State v. McCormick
McCormick appeals her conviction for methamphetamine possession, arguing that the search and seizure wherein the police officer discovered the drugs was an illegal search and seizure in violation of her constitutional rights and rights to privacy. McCormick was a passenger in a vehicle that was pulled over for broken taillight. Upon discovering that the driver of the vehicle had a warrant for her arrest for failure to pay tickets, the police officer arrested the driver and searched the vehicle, including a bag belonging to McCormick located on the floor of the front passenger side of the vehicle.
After conviction, but prior to the appellate hearing, the Supreme Court issued Arizona v. Grant, which held that a search, practically identical to the one involving McCormick that lead to the discovery of meth, was unconstitutional and violated the search and seizure rights of the Fourth Amendment.

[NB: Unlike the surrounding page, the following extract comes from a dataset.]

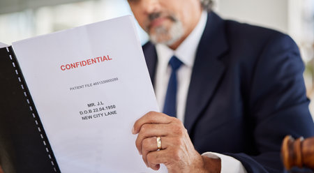 Lawyer, confidential and paperwork with hands holding patient file and documents in office. Compliance, legal report and attorney employee in a law firm with government contract and policy reading

The court first determined that the ruling in Grant applied to McCormick’s case even though she had already been convicted. The court decided that the case did apply because cases were to apply retroactively to all similarly situated defendants in Washington. Moreover, the court determined that McCormick had preserved the matter for appeal.
Finally, the court applied the Fourth Amendment and the Grant case to McCormick’s case. The court held that similarly in Grant, the search was unlawful because the driver could not have accessed the car to retrieve weapons or evidence at the time of the search and that the police had no possibility of discovering the drug related evidence without a search. Moreover, the court reasoned that, like in Grant, there was no officer safely justification for the search. The State argued that the office searched the vehicle in good faith, relying on pre-Grant law, however, the court rejected the good faith argument in favor of the doctrine of retroactivity.
McCormick’s conviction was reversed.